第一部あなた 第一章16

 蓮は夕餉を食べ終わるとすぐに褥に横になったが、目を瞑っても眠ることはできなかった。やっと眠っても、夜明けとともに目が覚めて、邸の一画にある薬草園に向かった。母の礼がいなくても束蕗原から来ている去の弟子たちが薬草園の管理をしているから蓮が何かすることはなった。それでも、いつものように起きて皆がするように薬草園に出て、葉を摘む作業を手伝った。無心でする作業は蓮を一時落ち着かせた。

 うっすらと額に汗をかくほどに夢中になって薬草を摘み終わると、朝餉の時間になった。自分の部屋で手早く朝餉を取ると出かける準備をした。

 そよ行きの衣装に着替える蓮に侍女の曜は何をするのかと問いかけた。

「少し外出。一人でも大丈夫よ」

 そう言って部屋を出て行った。お待ちください!という曜の声など耳に入らないように蓮は階を降りて沓を履き裏門から出て行った。

 蓮がこれから向かおうとしている先は、伊緒理の邸である。

 前に伊緒理のために写した本を持参した時が最後と決めたが、昨日、伊緒理が外国に留学することを聞いて気持ちは変わった。

 伊緒理に会いたい。

 伊緒理に会って、留学のことを問いただしたい。別にダメだと言いたいわけではないのだ。なぜ、自分に言ってくれなかったのかということだ。

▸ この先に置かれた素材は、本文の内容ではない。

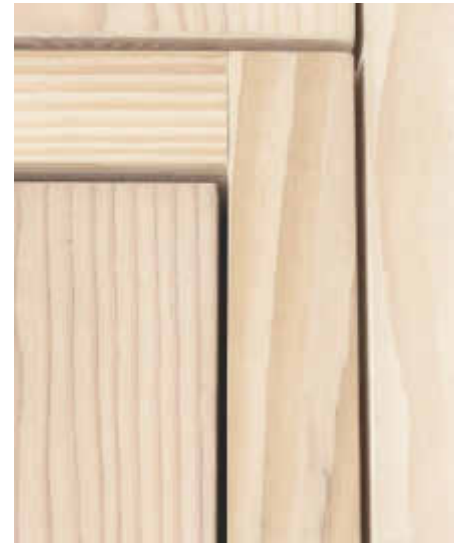
Klarer, flächenbündiger Zargenaufbau

 蓮は最後に写した本を届けに行った道を歩いていた。そうすると、いきなり後ろから左腕を掴まれた。驚いて振り返ると、鋳流巳が大粒の汗を額から流して蓮を見下ろしていた。

「……はぁはぁ……蓮……さま……はぁ……」

「……鋳流巳……」

 鋳流巳の息が整うまで蓮は待った。

「曜に言われて追って来てくれたのね。そんなに息を切らせて……」

 鋳流巳が顔を上げると蓮は言った。

「でも、私の気持ちは変わらないわ。私の行きたいところに行っていいかしら。あなたには申し訳ないけれど」

 鋳流巳にいいも悪いも応えることはできない。そんな鋳流巳の表情を読み取って、蓮は再び歩き始めた。鋳流巳は黙って蓮の後ろをついて行く。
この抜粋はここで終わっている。